Children have started school back again and they are delighted (I promise I will update soon on Oliver's saga which, would you believe it, it's still dragging on).

I went for a dream job interview during the holidays but while I would sell a kidney for it, I was not the perfect match and two other candidates fit better the job description, so unless of a miracle that is gone (but the process is very long, I won't hear for while a definite no). There's another good position going that I will apply for, and I'm also going for promotion this year. Work has gone quite well, one of those years where planets align and several very ambitious things have succeeded. So I'm going for it because it was really what I should have been offered 2 years ago when I joined this new Uni. I am telling myself that if I'm again caught in the bureaucracy of a broken system (not enough budget for the School, too soon to be promoted, etc), I'm packing up and enrol into a medicine degree which is what I should always have done. But that's not without other major consequences (assuming I'm not too old already and eligible).

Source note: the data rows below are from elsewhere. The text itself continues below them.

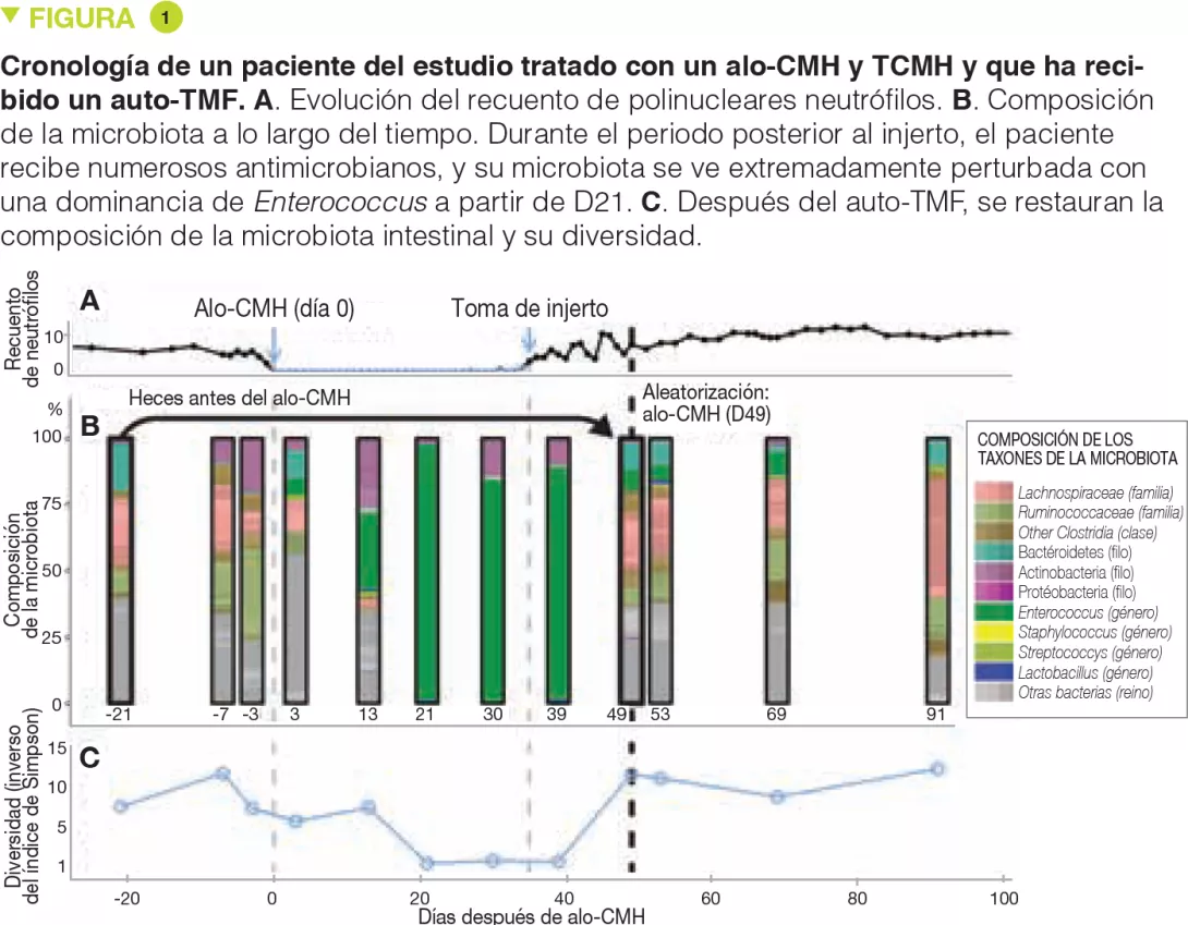 Los pacientes que reciben un alo-CMH se quedan inmunodeprimidos varios meses después del trasplante, y aunque pacientes inmunodeprimidos, incluidos los tratados con alo-CMH, hayan sido tratados sin efectos secundarios con un TMF heterólogo [5], los autores han considerado que un TMF autólogo sería más seguro, en concreto porque su naturaleza podría minimizar en el paciente el riesgo de exposición a microorganismos potencialmente patógenos aún sin detectar. Los autores han iniciado un ensayo clínico controlado aleatorizado con el objetivo de determinar la viabilidad del auto-TMF para restaurar la microbiota intestinal y para disminuir las complicaciones relacionadas con el alo- CMH. Aquí, presentan un análisis de las modificaciones de la composición de la microbiota intestinal en 25 pacientes aleatorizados en este estudio y de los cuales se recogieron muestras de heces longitudinalmente.
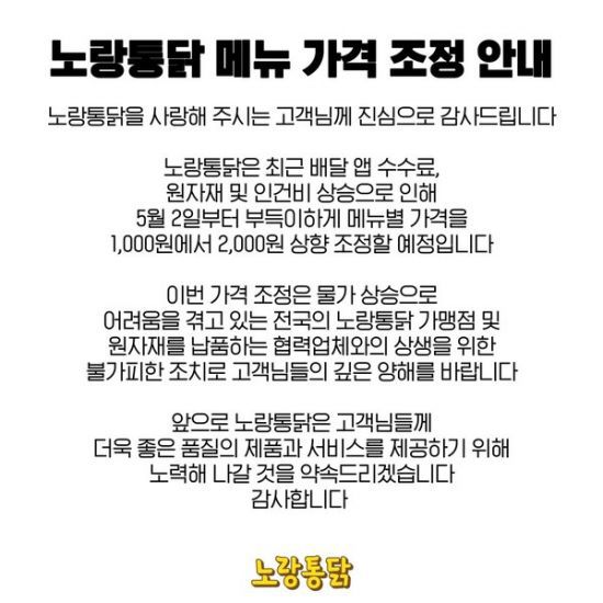 노랑통닭은 공식 홈페이지에서 안내문을 통해 “최근 배달 앱 수수료, 원자재 및 인건비 상승으로 인해 메뉴별 가격을 1000원에서 2000원 상향 조정한다”고 밝혔다.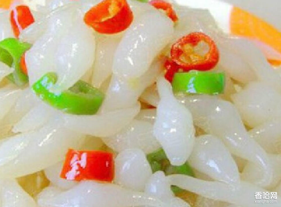魚兒粉是用精細(xì)的蠶豆淀粉制作的小吃,形似小魚,顏色有白有紅,配上調(diào)料,小菜,活吃起來清涼、潤滑,既充饑又解渴,活象一條條小魚在碗里。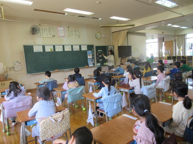 1年生は朝の会をしています。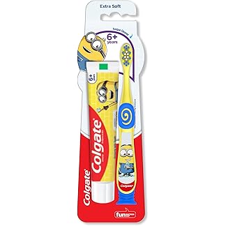 Colgate Kids (6+ Years) Minion Toothbrush, Extra Soft With Tongue Cleaner – 1 Pc & Minion Toothpaste – 40 Grams, Manual, Multicolor

My feelings in general are still very troubled. I feel very conflicted with Mike (who is his usual self, great person, great with the children, but zero ambition or drive to do much at all), I feel stuck, I day dream of other lives most of the time, but at times I dream of moving back the clock to when I felt happy with what I had. I need projects and plans...I'm one of those.

Health-wise we are all doing well, I had my usual anxiety about whatever, did all my checks, all is good. Till the next bout of anxiety. I am doing much better from that point of view but when anxiety strikes it's a beast. The one who is doing worst is Carlito the cat, who has not settled much in this new neighbourhood, the other cats are giving him a hard time, and on saturday he was hit by a car...one kind neighbour took him to the vet where we found him today. He should have (one very expensive) surgery tonight, poor pet he looked miserable...but should be ok.

I read all your blogs, you that are still writing, but sometimes my messages to you don't get posted and I don't know why. Know that I'm there for you.